Saved data entries:
= = = =
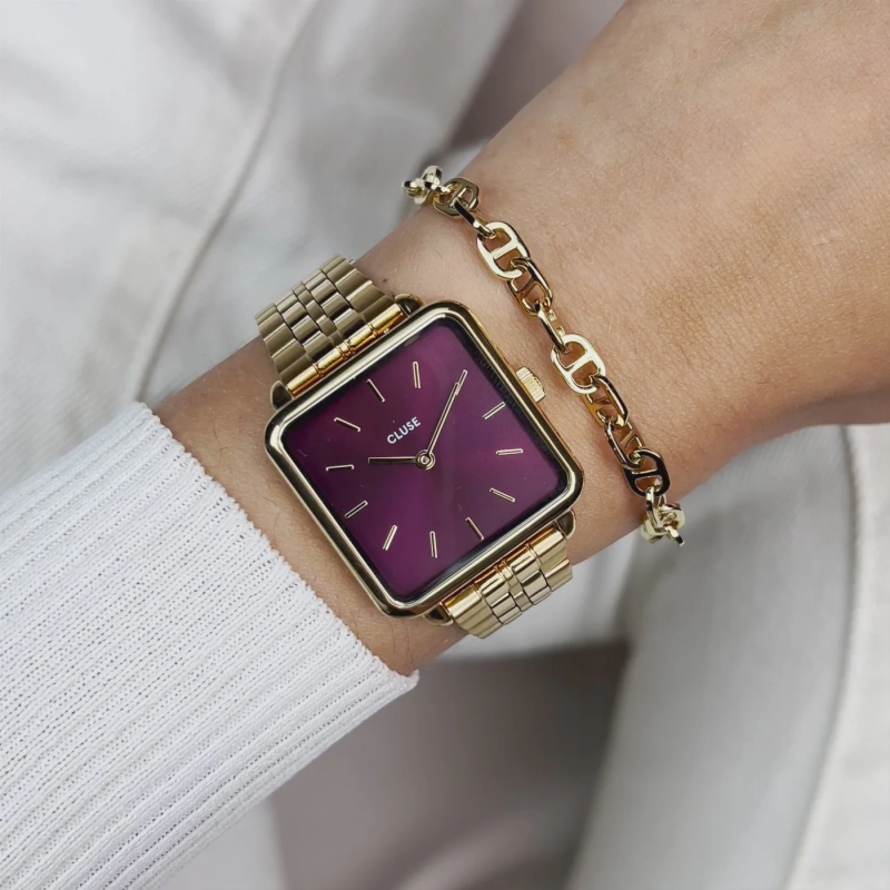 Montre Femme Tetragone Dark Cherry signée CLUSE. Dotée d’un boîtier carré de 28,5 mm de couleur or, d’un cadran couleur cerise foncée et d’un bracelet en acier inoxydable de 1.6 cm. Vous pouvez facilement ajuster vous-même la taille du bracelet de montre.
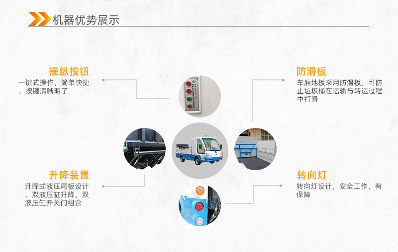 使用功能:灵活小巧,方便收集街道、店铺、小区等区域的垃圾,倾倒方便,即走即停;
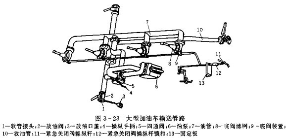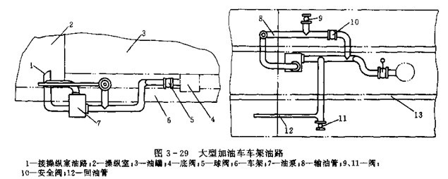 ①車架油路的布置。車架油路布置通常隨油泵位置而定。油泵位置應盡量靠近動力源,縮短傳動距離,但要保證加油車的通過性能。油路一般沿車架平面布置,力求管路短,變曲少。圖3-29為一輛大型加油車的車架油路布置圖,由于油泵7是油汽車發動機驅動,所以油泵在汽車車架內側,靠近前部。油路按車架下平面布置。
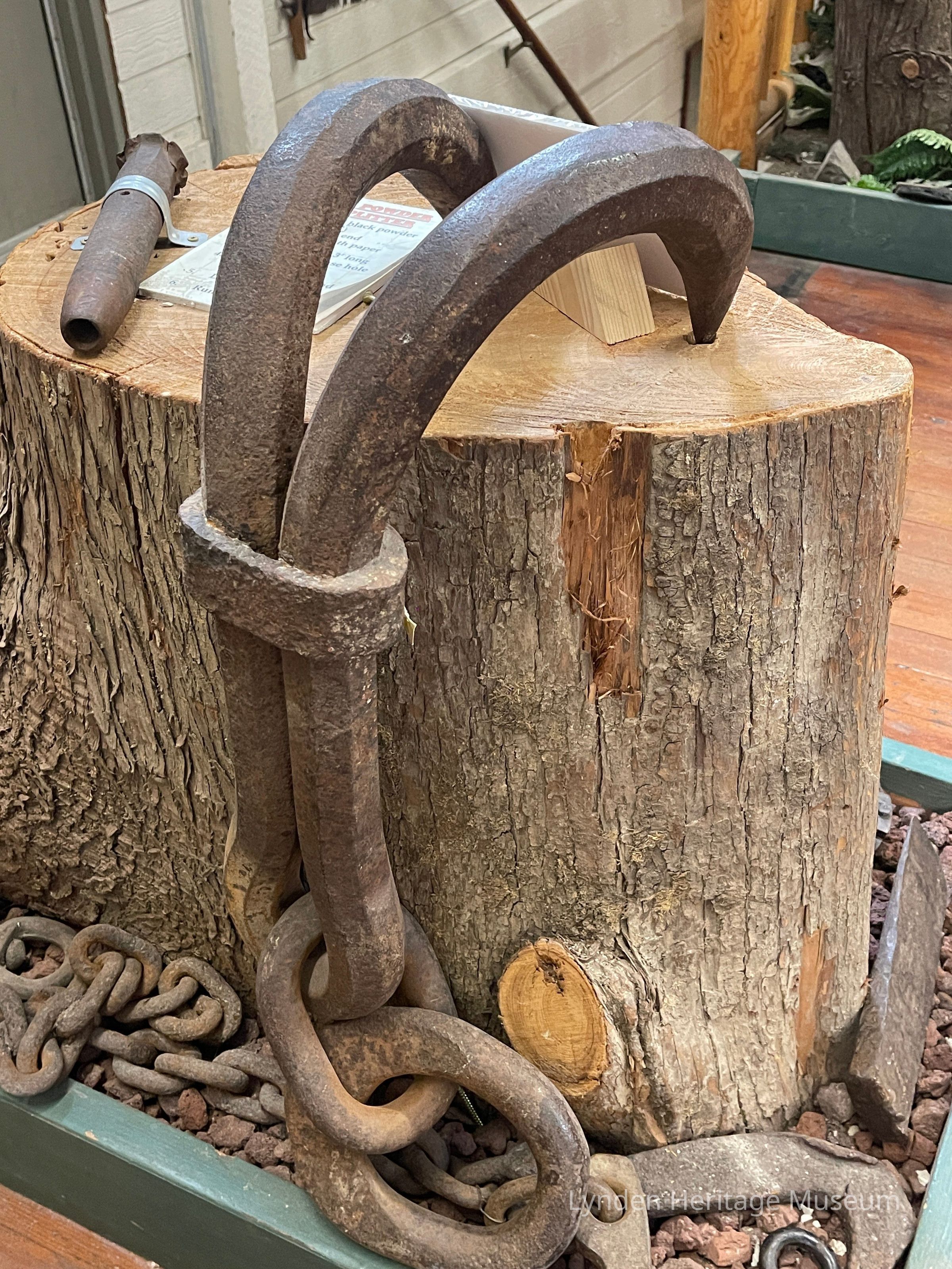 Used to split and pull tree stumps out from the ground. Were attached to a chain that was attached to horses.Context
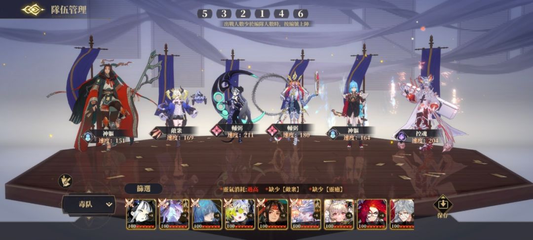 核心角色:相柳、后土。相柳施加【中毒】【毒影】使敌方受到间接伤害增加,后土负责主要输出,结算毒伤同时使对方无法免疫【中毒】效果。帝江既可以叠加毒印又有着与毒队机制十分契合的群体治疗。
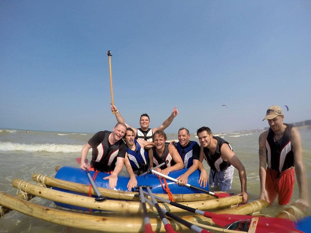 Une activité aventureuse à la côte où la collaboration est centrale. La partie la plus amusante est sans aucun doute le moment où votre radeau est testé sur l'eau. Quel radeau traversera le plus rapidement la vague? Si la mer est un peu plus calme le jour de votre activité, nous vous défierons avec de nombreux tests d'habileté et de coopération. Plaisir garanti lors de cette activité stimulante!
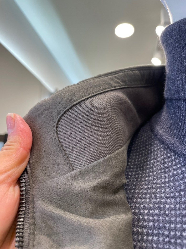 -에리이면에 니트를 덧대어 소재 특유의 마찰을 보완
= = = =
WHAT NEEDS TO BE DONE - The answer is a faithful copy of the records above, with the pictures removed.

RESULT OF THE EXERCISE -
 Montre Femme Tetragone Dark Cherry signée CLUSE. Dotée d’un boîtier carré de 28,5 mm de couleur or, d’un cadran couleur cerise foncée et d’un bracelet en acier inoxydable de 1.6 cm. Vous pouvez facilement ajuster vous-même la taille du bracelet de montre.
 使用功能:灵活小巧,方便收集街道、店铺、小区等区域的垃圾,倾倒方便,即走即停;
 ①車架油路的布置。車架油路布置通常隨油泵位置而定。油泵位置應盡量靠近動力源,縮短傳動距離,但要保證加油車的通過性能。油路一般沿車架平面布置,力求管路短,變曲少。圖3-29為一輛大型加油車的車架油路布置圖,由于油泵7是油汽車發動機驅動,所以油泵在汽車車架內側,靠近前部。油路按車架下平面布置。
 Used to split and pull tree stumps out from the ground. Were attached to a chain that was attached to horses.Context
 核心角色:相柳、后土。相柳施加【中毒】【毒影】使敌方受到间接伤害增加,后土负责主要输出,结算毒伤同时使对方无法免疫【中毒】效果。帝江既可以叠加毒印又有着与毒队机制十分契合的群体治疗。
 Une activité aventureuse à la côte où la collaboration est centrale. La partie la plus amusante est sans aucun doute le moment où votre radeau est testé sur l'eau. Quel radeau traversera le plus rapidement la vague? Si la mer est un peu plus calme le jour de votre activité, nous vous défierons avec de nombreux tests d'habileté et de coopération. Plaisir garanti lors de cette activité stimulante!
 -에리이면에 니트를 덧대어 소재 특유의 마찰을 보완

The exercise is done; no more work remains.